Eleştiri konusunda ilk göz önüne alınması gereken ve hiç ihmal edilmemesi gereken faktör insanın ontolojik yapısıdır. İnsan yapısı gereği geçmişin bilgisine tam sahip değildir. Geleceğin bilgisine sahip olmak konusunda ise tahminin dışında hiçbir zorunlu olarak doğru bilgisi yoktur. Ayrıca insan tarihseldir, belli bir dönemin ürünüdür, yanılgıya açıktır, unutkandır. Buna rağmen keskin cümleler kurmak, sadece kendi görüşünün doğru olduğunu savunmak ve yanılgıdan uzak olduğunu düşünmek ne büyük gururdur.
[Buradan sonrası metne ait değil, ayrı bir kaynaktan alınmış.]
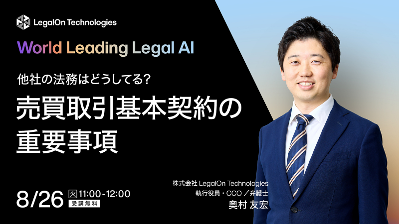 8/26(火)11時~「他社の法務はどうしてる? 売買取引基本契約の重要事項 AIエージェント活用も解説!」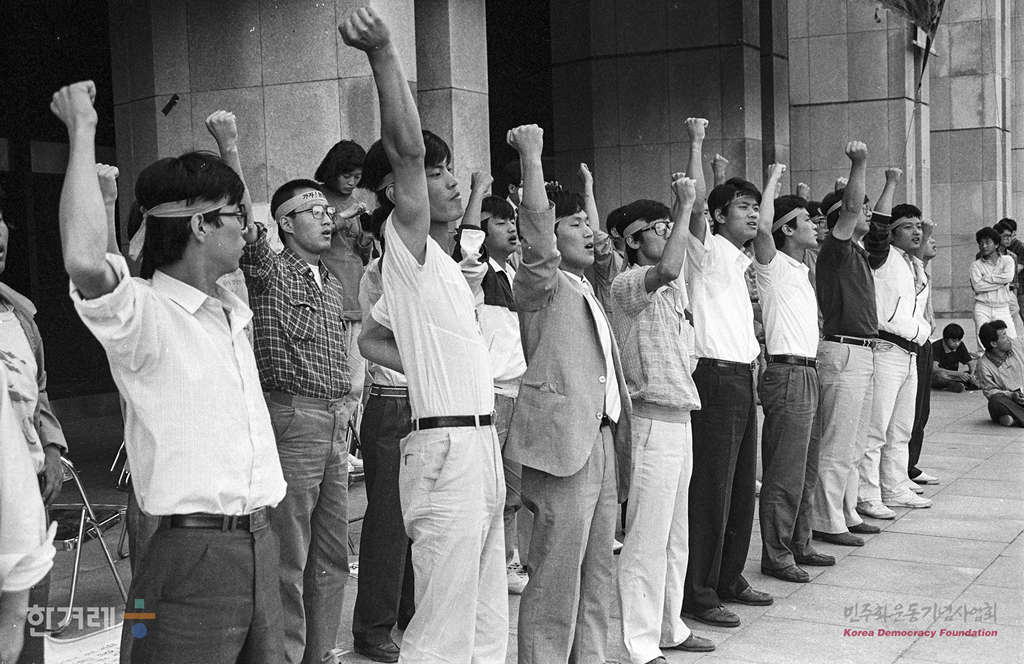 - 1989년 6월 10일 6월민주항쟁 2돌을 맞아 전대협 소속 대학생들과 시민 2천여명이 참석한 가운데 서울 연세대 민주광장에서 6.10남북실무회담 방행 규탄 및 평양축전 참가를 위한 백만학도 결의대회를 하고 있다.

Eleştirinin doğruluğunu etkileyen ölçütlerden biri de eleştiri konusundaki iç tutarlılıktır. Dağlıca saldırısından sonra yapılan bir ankette insanlar askeri operasyonlar devam etmelidir diyenler % 70, çözüm sürecine dönülmelidir diyenlerin oranı ise % 30 olarak belirlenmiş.
Bugünkü şartlarda çocuğunuzu askere gönderir misiniz sorusuna ise katılanların % 80'ni hayır,% 20Si ise evet diyor.
Anketteki çelişki hemen gözüküyor, çocuğunu askere göndermek istemeyenler operasyonların sürmesini değil, çözüm sürecini desteklemeleri beklenir. Ama böyle değil. Şunu istiyorlar sanırım askeri operasyonlar sürsün ama bunu başka ailelerin çocukları yapsın. Buradaki iki yüzlülük ve kafa karışıklığı fark edilmeyecek gibi değil.
Erdoğan'a yönelik eleştirilerin önemli bir bölümünü tutarlı ve doğru bulmuyorum. Bir liderin İsrail,Amerika'daki Neo -conlar, Darbeci Mısır yönetimi, İran, PKK-HDP, Cemaat, CHP ve MHP tarafından benzer gerekçelerle eleştiriliyor olması neye işaret ediyor olabilir? Bu birbirine benzemez yapıları hangi gerekçeler bir araya getirmiş olabilir? Kuşkusuz hiçbir insan ve hiçbir siyasal lider eleştiriden azade değildir. Eleştiri yapılmalıdır. Ancak eleştirilerin arkasında hangi amaçların bulunduğu endişesini de insanlar dile getirebilir. Ben eleştirilerin bir bölümünü samimi buluyorum. Çoğu eleştiriyi ise siyasal çıkarlara bağlı olarak samimi bulmuyorum.
Fanatizm,tahammülsüzlük eleştirinin önündeki en büyük engeldir.Fanatizm genellikle bir parti,cemaat ya da örgüte itiraz etmeksizin her koşulda bağlılıktır. Fanatik kendisini bağlı bulunduğu grubu her koşulda savunmak zorunda hisseder. Fanatik için doğruluğun ölçütü, konunun bağlı bulunduğu grup tarafından savunulup savunulmamasıdır.
Tarikat ve Cemaatler niçin özgürlükçü rasyonel bir teoloji kuramazlar? sorusu anlamlıdır.